Нет, она не запретов боится, подумаешь.
Она просто боится.
Она трусиха. И предательница. От трусости до предательства – один шаг, так пишут во многих книжках.
Она дрожит за свою шкуру. За свою жирную шкуру, добавила мысленно Ивик и заплакала от позора. И сейчас они все поднимутся наверх, а она так и будет тут сидеть. Ей слабо. «Ну что ж ты», скажет добродушно Тен. А Диссе вздёрнет нос, и молча натянет платье, и будет разговаривать до самой школы не с ней, а с Марой, которая тоже не спортсменка, слабенькая, однако же взяла и прыгнула.
Ивик вытерла слёзы. Если увидят, что она тут ревела, – будет совсем уж позорно. Предплечья покрылись гусиной кожей, Ивик окончательно продрогла на ветру. Может, всё-таки попробовать? Посмотрела вниз – полоска воды казалась невероятно далёкой и узкой. Ивик сильнее перехватила перила.
Тяжело вздохнула, потянулась за платьем. Холодно же. И она всё равно не наберётся смелости.
Как, ну как они могут? Почему все они такие бесстрашные, такие решительные, а она…? «Ни труса, ни лжеца не назовёшь ты другом». Её уж точно никто другом не назовёт.
Мост закачался. Ивик поднялась. Господи, на этом мосту и стоять-то страшно! А они идут, весёлые, раскрасневшиеся. Расхватывают одежду. Ивик стояла вся сжавшись, смотрела на ребят.
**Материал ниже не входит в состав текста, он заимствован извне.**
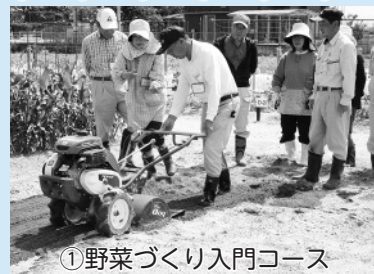
①野菜づくり入門コース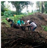
Trabajo colectivo de estudiantes en sede Cuernavaca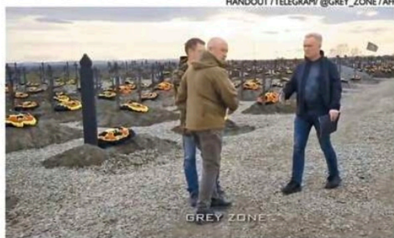
Prigozhin, de marrom, estava entre os mortos da queda do avião

Prigozhin aparecia no vídeo usando uniforme militar camuflado, colete a prova de balas com cartuchos de munições, e com um fuzil nas mãos. Ao fundo, era possível ver uma caminhonete com outros homens armados.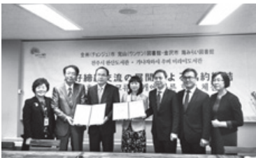
海みらい図書館が全州市完山図書館と提携交流合意書を締結

– Ну что ж ты, – добродушно сказал Тен. Он был высоким, сильным для своих лет, ещё с вирсена тренировался в секции трайна. Отец Тена – гэйн, и сам он хочет стать гэйном, но это уж как получится. Ивик знала, что Диссе немного влюблена в Тена, а больше об этом никто не догадывался.
Платье облепило мокрую фигурку Диссе. Подруга обернулась к Маре, не глядя на Ивик:
– Помоги застегнуть.
Мара зашла ей за спину, занялась пуговицами. Ивик стояла как пришибленная.
– Ой, смотрите! – вскрикнула вдруг Мара. Все обернулись.
На левом берегу, на узкой тропинке, проложенной вдоль густых широколиственных зарослей, маячили двое младшеклашек. И явно наблюдали за компанией.
– Сволочи! – Тен рванулся в их сторону, сильно качнув мост. Соглядатаи мгновенно нырнули в тёмно-зелёные дебри.
– Не беги, – крикнула Диссе, – бесполезно! Засекли.
Тен остановился.
– Наябедничают теперь, – растерянно сказал Шагин. Диссе дёрнула плечиком:
– Ну и ладно.
«Ни труса, ни лжеца не назовёшь ты другом», бились слова песенки в голове. Песенку эту гэйн сочинял. Гэйны – они знают, что такое дружба. Ивик осторожно пробиралась по мосту, цепляясь за перила. Диссе шагала по самой середине, и не думая придерживаться руками. Шла будто танцуя. Она была очень спортивная, Диссе, ещё в вирсене начала заниматься акробатической гимнастикой. А сейчас уже сдала на первый разряд и стала, ни больше ни меньше, юной чемпионкой Шим-Варта. И двигалась так, будто вот-вот закружится в вальсе или выполнит сальто.
На Ивик никто не смотрел. Да, никто её не упрекнёт, конечно. Подумаешь, не прыгнула. Она же не гэйна какая-нибудь, обыкновенная девчонка. Но почему-то всё равно очень стыдно.
У неё никогда ничего не получается. И не получится.
Хета * Альва иль Шерен, начальница Шанского тоорсена, поджав губы, смотрела на пятерых нарушителей.
Блестящие чёрные глаза начальницы были гневно сужены. Ивик не выдержала и отвела взгляд, стала смотреть на руки хеты, лежащие на столе, – полноватые, красивые руки.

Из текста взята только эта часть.